Was leider sehr vorhersehbar ist: Dass die Corona-Zahlen weiter steigen. Erstmals mehr als 11.000 gemeldete Neuinfektionen an einem Tag. Auch die Apothekenteams fürchten einen langen Corona-Winter. Bei der Durchbrechung der Infektionsketten könnte ihnen bald eine zentrale Rolle zukommen – Stichwort Schnelltests in der Apotheke. Dazu eine kleine Übersicht.

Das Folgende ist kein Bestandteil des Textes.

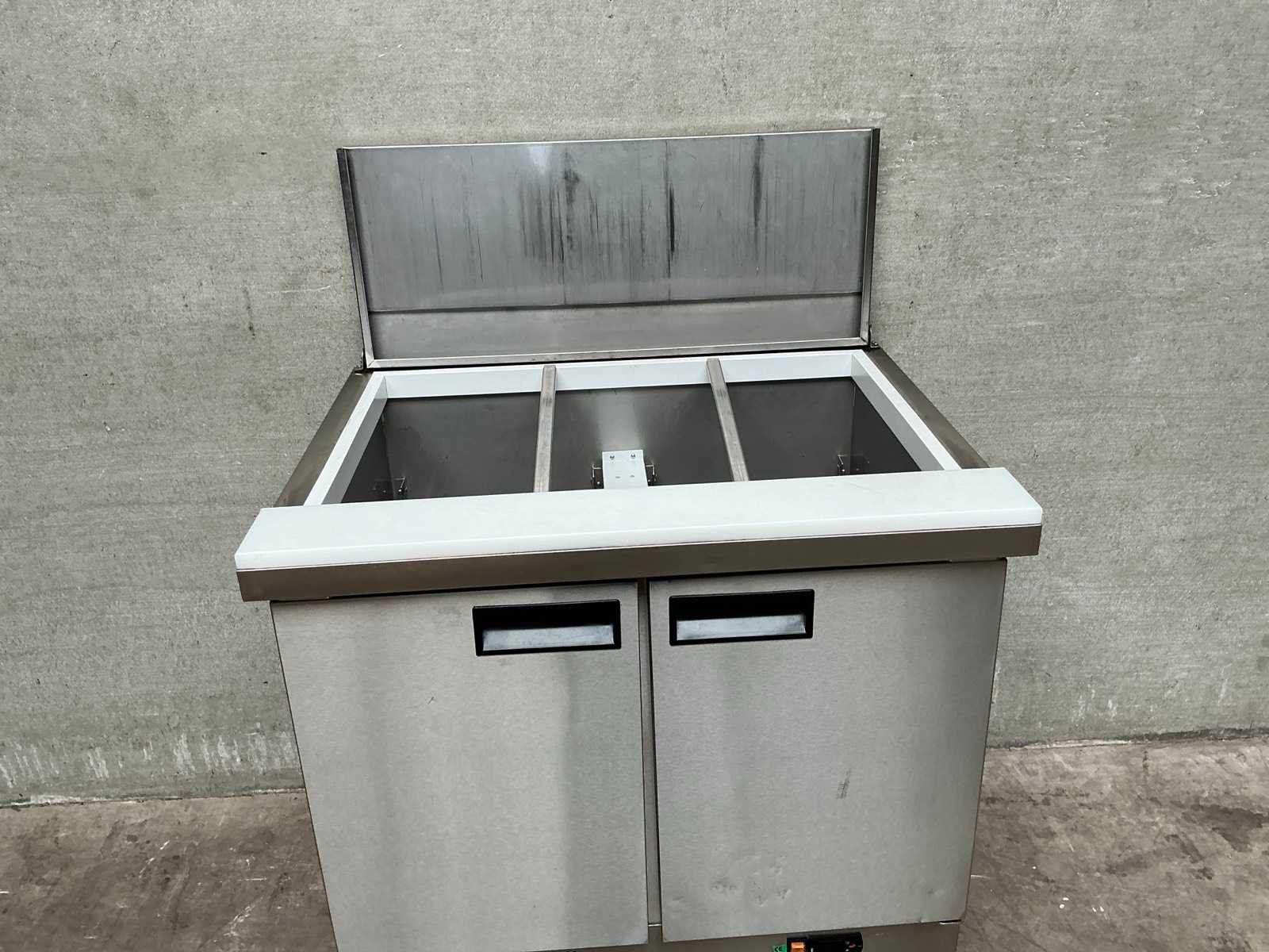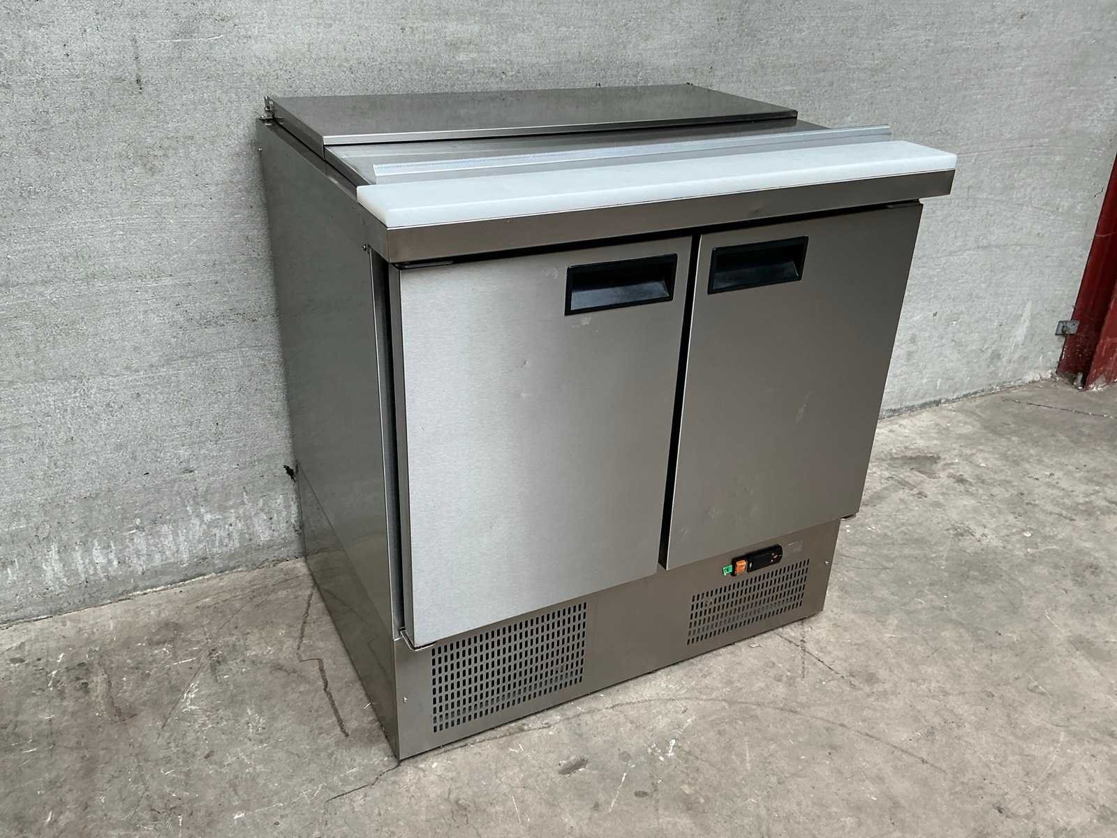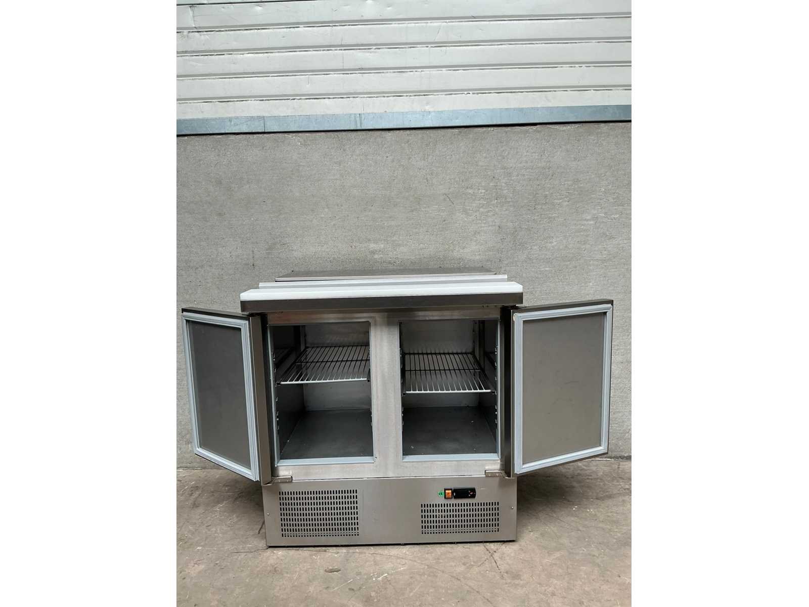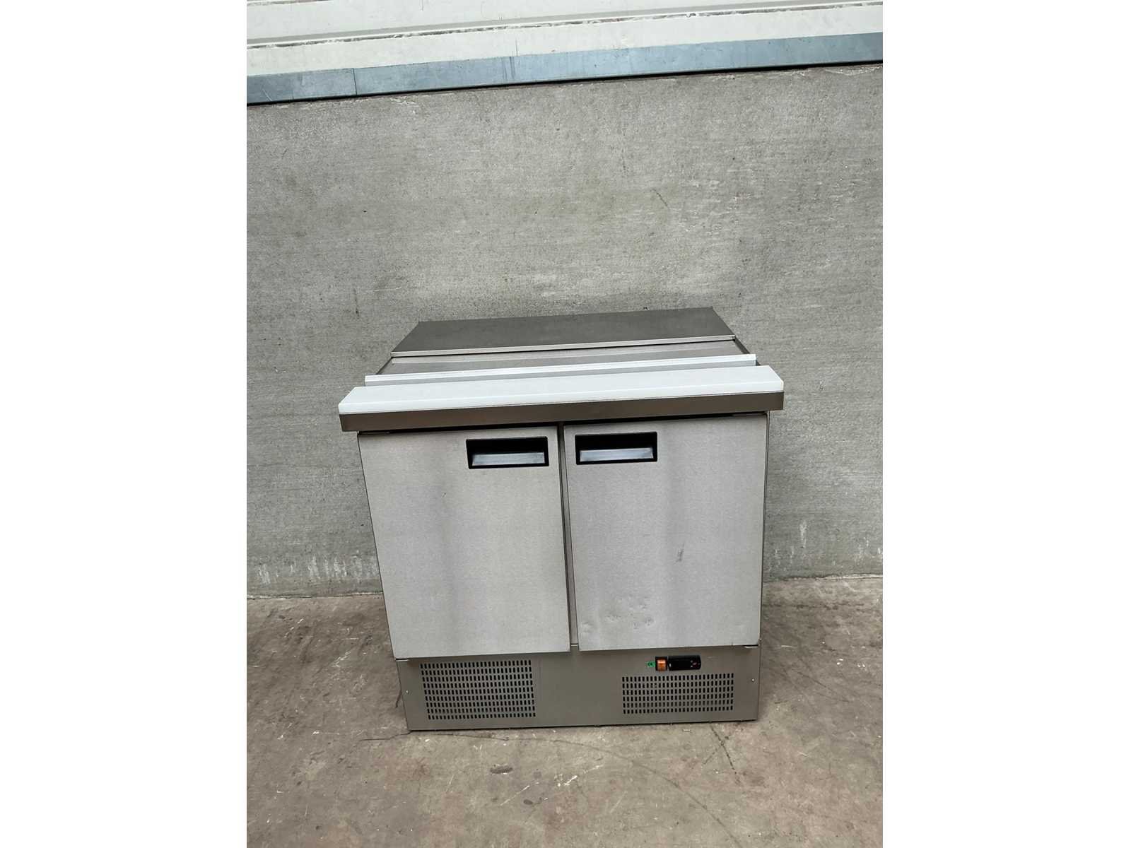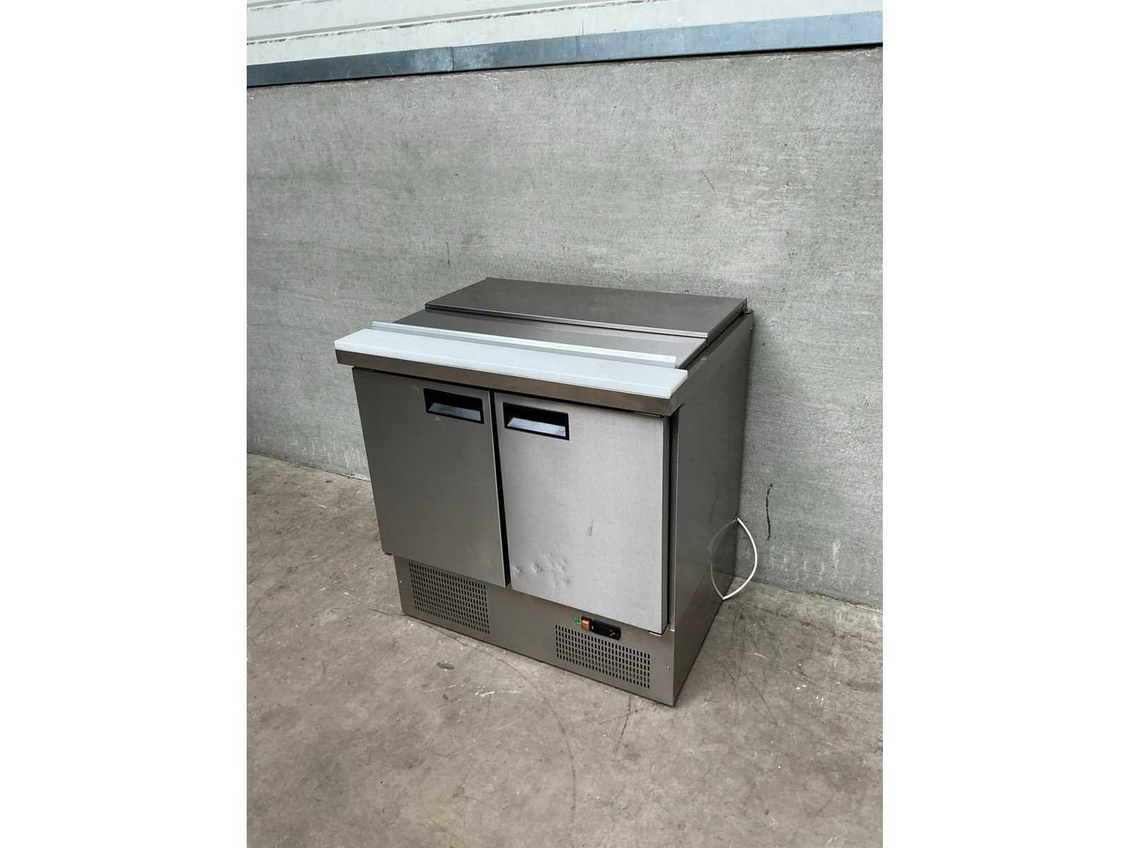 Rvs saladette voorzien van afdekplaat en snijplank Nee Ingebouwde koelcompressor: true Digitale uitlezing: true Rvs: true Aansluiting: 230V Totale afmeting L: 91cm Totale afmeting Breedte: 71cm Totale afmeting Hoogte: 94cm

Die Versandapotheken beteiligen sich auch aktiv in der Kontaktverminderung. Zur Rose hat sogar mehr als 40 Millionen Euro für 18.000 Videosprechstunden (Q3) gezahlt, aber das ist ja auch ein Investment in die rosige E-Rezept-Zukunft. Dass Union und SPD mit einem VOASG-Änderungsantrag auch von ausländischen Versendern künftig verlangen, dass die Medikamente in den Päckchen nicht wahlweise einfrieren oder schmelzen, dürfte die gute Laune jenseits der deutsch-niederländischen Grenze kaum schmälern. Papier ist geduldig – und wo kein Kontrolleur, da keine Sanktion. Immerhin: Ein Anfang und ein guter Erfolg für den CSU-Abgeordneten Pilsinger.
Zum Schluss noch ein paar Botschaften aus der Apothekenpraxis: Wenn Sie eine Apotheke verpachten, sollten Sie nicht zu gierig sein. Wenn Ihnen eine Hersteller Weingummi schickt, sollten sie dagegen sehr gierig sein und die Beweise schnell vernichten. Und wenn Ihr benachbarter Konkurrent schließt, sollten Sie sich nicht freuen, weil das erstens gemein ist und Sie dann zweitens auch seine Notdienste erben. In diesem Sinne, schönes Wochenende oder – wen es trifft – einen entspannten Notdienst.